Monday, March 24, 2008
{Duh}
So, last week I had my 120 film from the trip processed. I was very, very excited to see the results. I hardly ever shoot film anymore and decided what better way to get back into it than a trip to Italy. The anticipation was intense. What would it look like? Would I love it? Would it be everything I was hoping?
Alas, my hopes were crushed when I got the film back and realized about 99% had camera shake. Bluriness is pretty normal for a holga, but double trees and double buildings--not so much. What went wrong?? I was totally bummed, but then reminded myself those holgas are full of trickiness and aren't suppose to always work. I rationalized it as camera error and felt semi-okay about the whole thing
Later, I was explaining my dilemma to Marianne, and she said I should check the bulb setting underneath the camera. Um, what?

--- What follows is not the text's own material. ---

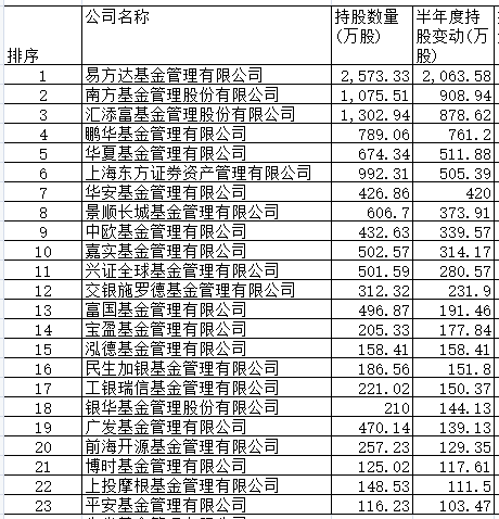 其中,易方达蓝筹精选混合加仓数量最多,为969.10万股,该基金由“公募一哥”张坤掌舵。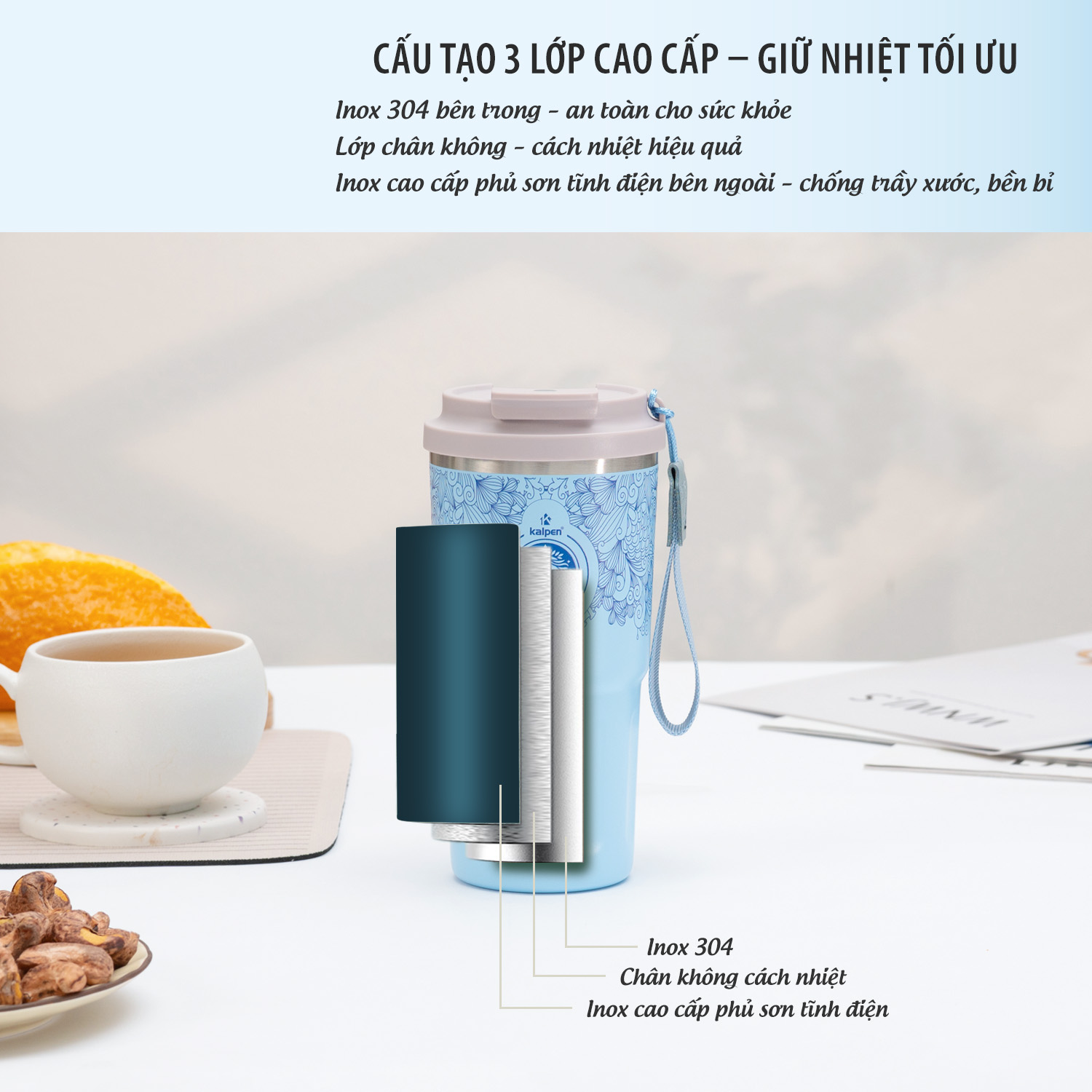 Cốc giữ nhiệt inox Kalpen E1, E2 có cấu tạo 3 lớp:

The camera has about 3 settings and I forgot that the bulb one even existed. Oops. I never use it--out of mind, out of sight (lint incident anyone?). Plus it is hidden under the camera. That is a stupid place for an important camera setting slider thing.

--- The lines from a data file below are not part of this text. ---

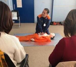 心肺蘇生とAEDの使用手順、誤飲した時の対処法を子ども・大人のそれぞれについて教わりました。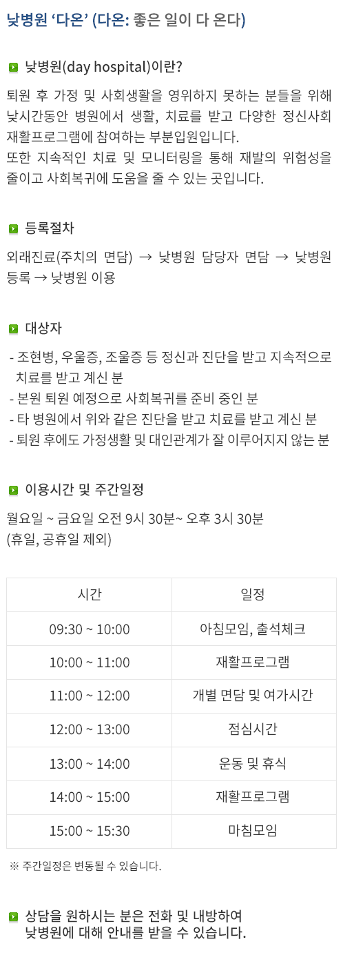 부서안내   층별안내   사회사업실   낮병동   병원둘러보기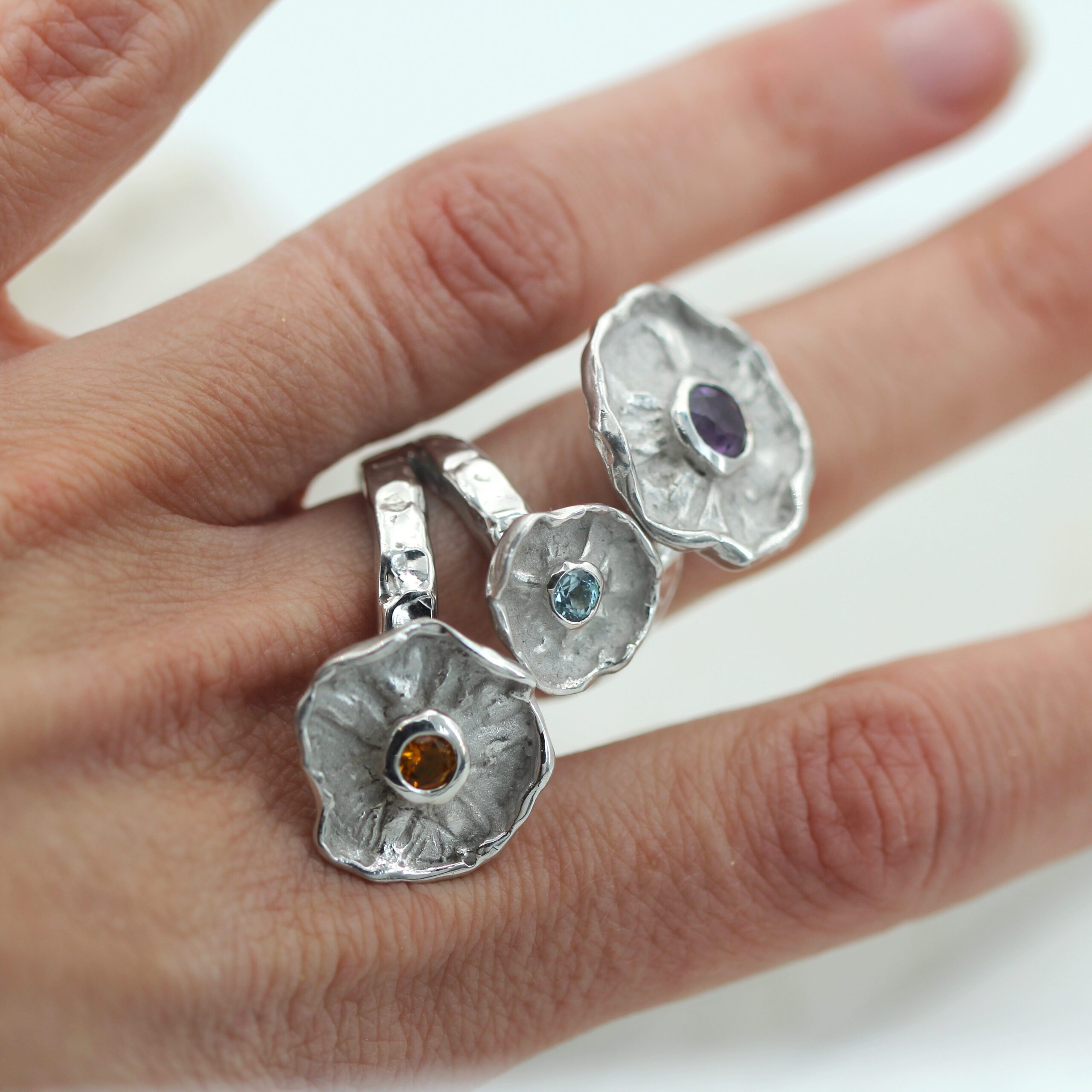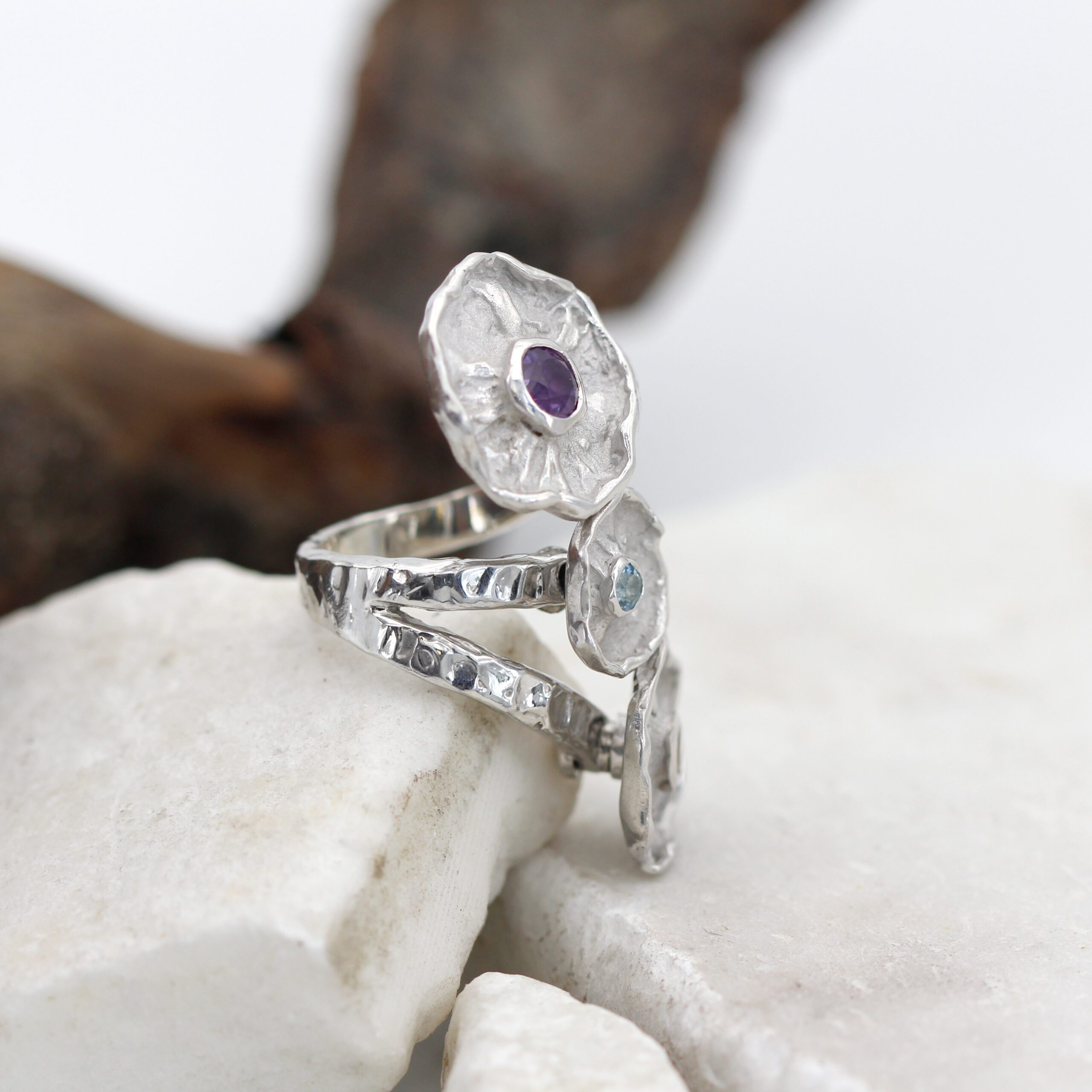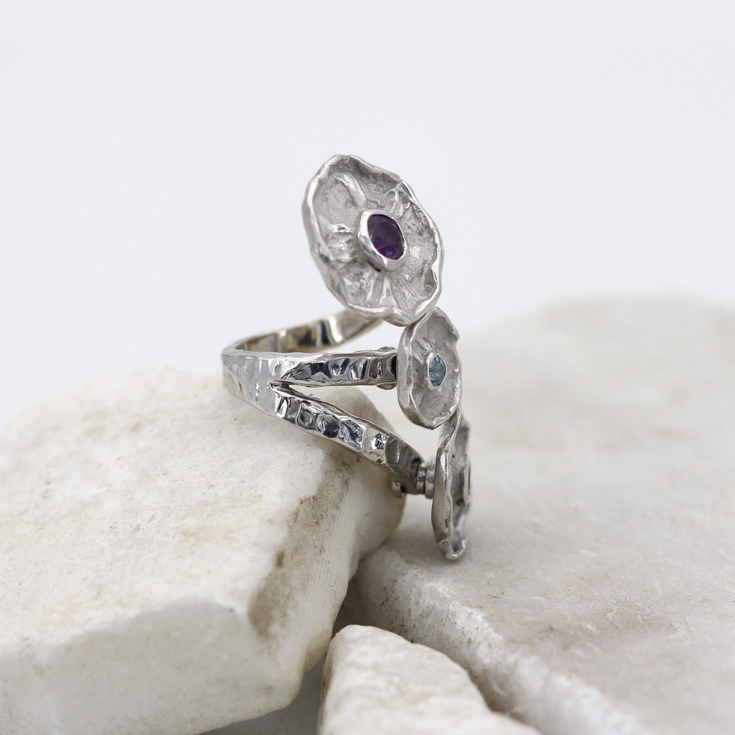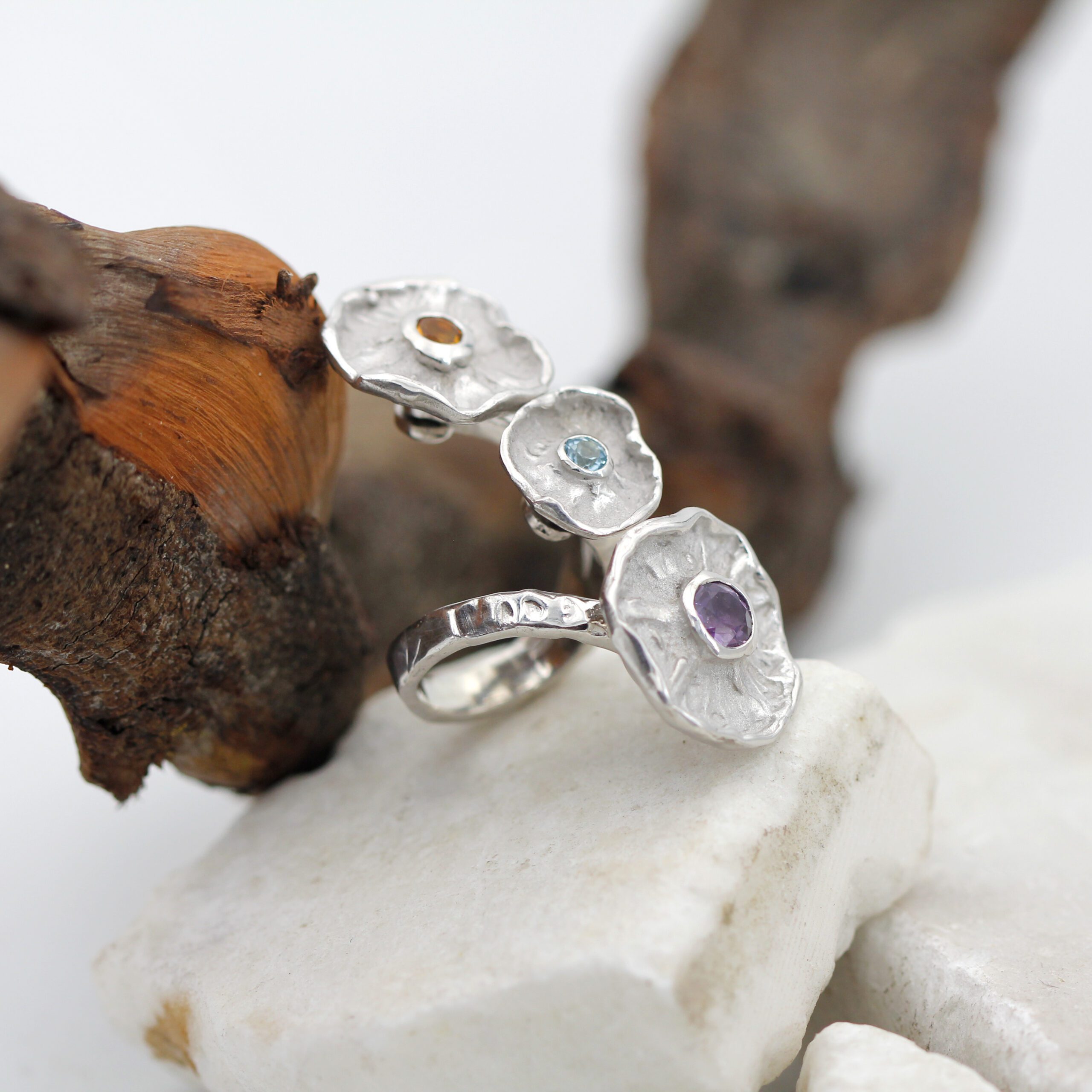 925‰ Silver Ring with 3 Flowers Featuring Semi-Precious Stones: Citrine Quartz, Amethyst and Blue Topaz.

I checked the next morning and yep, that is exactly what happened. It must have been bumped in the bag. The self-soothing I had been practicing all week was now irrevocably lost. Is there anything worse than it being all your very own fault?

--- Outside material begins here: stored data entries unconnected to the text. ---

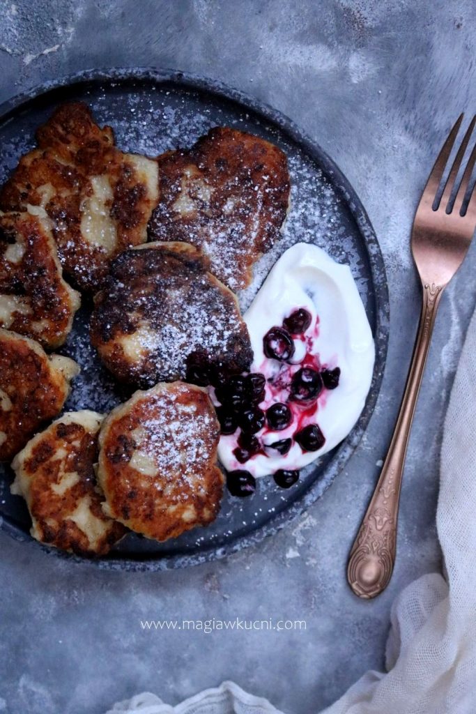 Do misy blendera wrzuć twaróg i zmiksuj , wbij dwa jajka i miksuj przez chwilę aż twaróg się rozdrobni i połączy z jajkami nie musi być idealnie roztarte . Teraz dodaj śmietanę, sok i skórkę z połówki cytryny oraz ksylitol i sodę – połącz składniki, na końcu wsyp mąkę i zmiksuj. Rozgrzej patelnię z odrobiną oleju ( najlepiej smarować ją pędzelkiem), na rozgrzany tłuszcz wykładaj po pół łyżki masy ściągaj przy pomocy drugiej łyżki którą wcześniej maczaj w mące lub oleju lekko spłaszcz na patelni i smażyć na małym ogniu na rumiano z obu stron.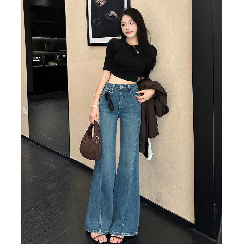 高腰显瘦宽松喇叭裤 女秋冬爆款 加绒微喇牛仔裤 乔栈蓝色设计感时尚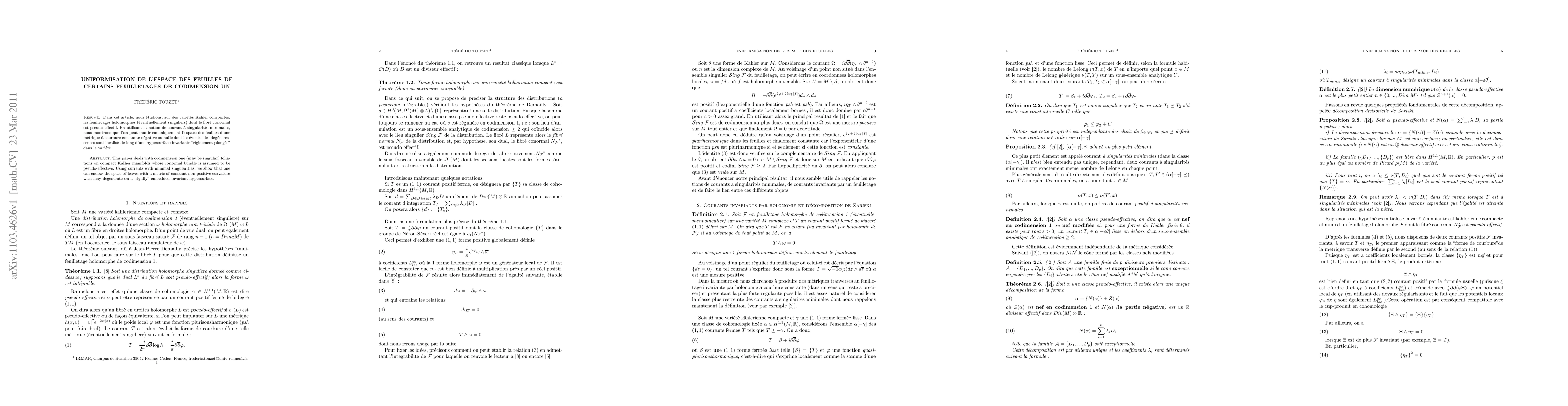 This paper deals with codimension one (may be singular) foliations on compact K\"alher manifolds whose conormal bundle is assumed to be pseudo-effective. Using currents with minimal singularities, we show that one can endow the space of leaves with a metric of constant non positive curvature wich may degenerate on a rigidly embedded invariant hypersurface.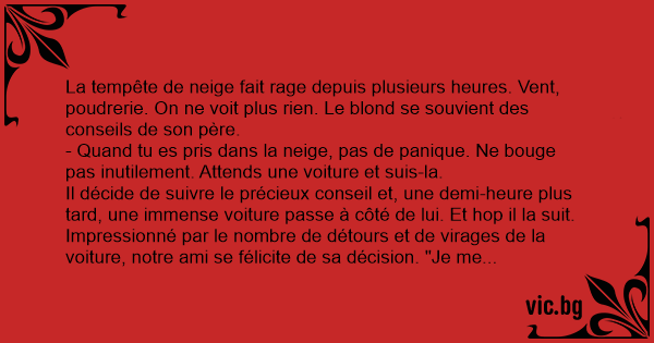 - Quand tu es pris dans la neige, pas de panique. Ne bouge pas inutilement. Attends une voiture et suis-la.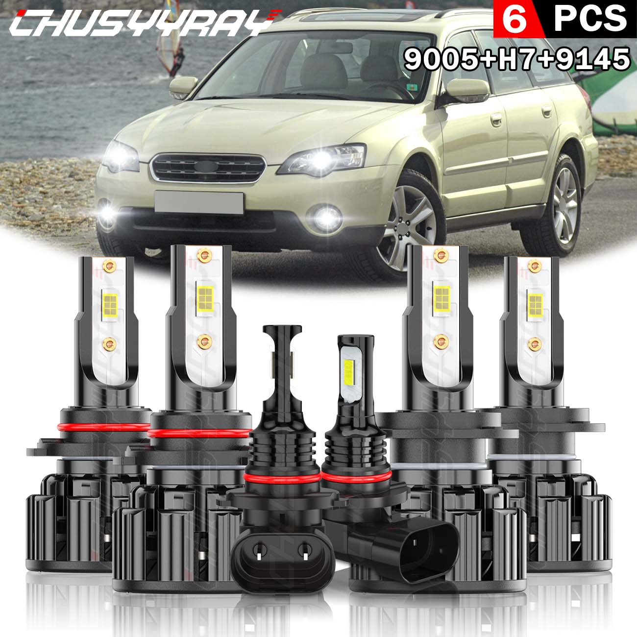 For Subaru Outback 2005-2009 6000K LED Headlight High/Low + Fog Light Bulb Combo

I threw myself on the bed, waves of self pity overwhelming me. Thoughts of, I'm never going back to Italy, these were once-in-a-lifetime pictures, totally preventable, etc., etc, kept running through my head. Scott tried to get me to stand up for a hug, but moving from the bed was totally unthinkable. I was one sad puppy.
I had completely broken the fundamental rule of photography, which is understanding how your camera works. I was finally able to rouse myself with the reasoning that I do have over 5300 digital pictures. A comforting thought, but not quite enough to completely take me out of my funk.
I tried researching Photoshop, but apparently camera shake is the one unfixable thing. Forums I checked advised not to have blurry pictures in the first place; not so helpful.
Time does heal all wounds, and a space of 2 days has eased the sadness--or at least I am working on some perspective. Reviewing my holgas (all 120 pictures) I have about 8-10 clear images so it isn't a complete lost cause. Maybe I should take an artistic approach and think of some thoughtful way to combine my mistakes into a grand installation art piece?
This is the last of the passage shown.